La Corte di Cassazione con Ordinanza n. 30866/2023 è recentemente intervenuta in tema di querela del datore di lavoro da parte del lavoratore.
I fatti a monte della decisione sono relativi alla denuncia da parte di un lavoratore della società datrice di lavoro e del suo rappresentante legale per appropriazione indebita del TFR.
I giudici di merito avevano ritenuto che la denuncia evidenziasse una condotta dolosa in relazione a fatti pacificamente non veritieri. In particolare, la condotta del lavoratore non era diretta ad ottenere l’eventuale condanna del datore di lavoro, ma aveva come unico fine quello di ledere l’onore e la rispettabilità del legale rappresentante della società.

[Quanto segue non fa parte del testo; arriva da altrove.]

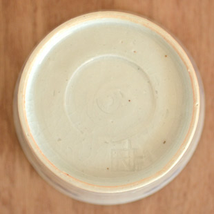 ![]() 直径8cmの定番サイズの蕎麦猪口は、陶彩窯・長戸裕夢(ながとひろむ)さんの作品。 砥部焼の代表的な技法「染付」を大切にしながら、江戸時代の古砥部の文様を参考に考えられた器です。 懐かしさのなかに不思議と新しさも感じる蕎麦猪口です。 ![]() 所々に入った小さな鉄点に味わいを感じます。 高さは6.7cmくらい。そばちょこの深さは6cmくらいです。 大きすぎず小さすぎず、使い勝手のいいサイズです。 ![]() 口径は8cmくらいで、内寸は7.5cm強くらい。底の直径は5cmほどあります。 底に描かれた梅の文様がさりげなく素敵。 縁に鉄を塗った縁紅(ふちべに)が、素朴な雰囲気の藍の染付を引き締めています。 ![]() 裏底の直径は5.5cmくらい。 ![]() 裏には陶彩窯「長戸製陶所」の窯印が押されています。見えにくくなっている場合もございますことご了承ください。 ![]() 3個重ねると12.5cmくらいの高さ。蕎麦猪口は重なりがいいのもうれしいところ。 ![]() これくらいの大きさです。砥部焼としては軽めです。 |

Secondo la Corte d’appello l’avere denunciato un’indebita appropriazione del Tfr con la piena consapevolezza della non veridicità della condotta denunciata integra gli estremi del licenziamento per giusta causa, anche a prescindere dall’effettiva sussistenza di un danno (considerato che la denuncia del lavoratore era stata archiviata definitivamente).
Secondo la S.C., se da un lato l'esercizio del potere di denuncia (e in generale del diritto di critica nei confronti del datore di lavoro) non può essere di per se' fonte di responsabilità, dall’altro, esso può divenire tale qualora il privato faccia ricorso ai pubblici poteri in maniera strumentale e distorta, ossia agendo nella piena consapevolezza dell'insussistenza dell'illecito o dell’estraneità allo stesso dell'incolpato.
L'addebito contestato al lavoratore non è collegato alla configurazione di reato di calunnia o diffamazione, ma alla diversa ipotesi di abuso del processo, ossia strumentalizzazione dello stesso con l’esclusivo fine di arrecare danno al datore di lavoro, desunto, quest’ultimo, dalla consapevole omissione di circostanze significative nella descrizione dei fatti.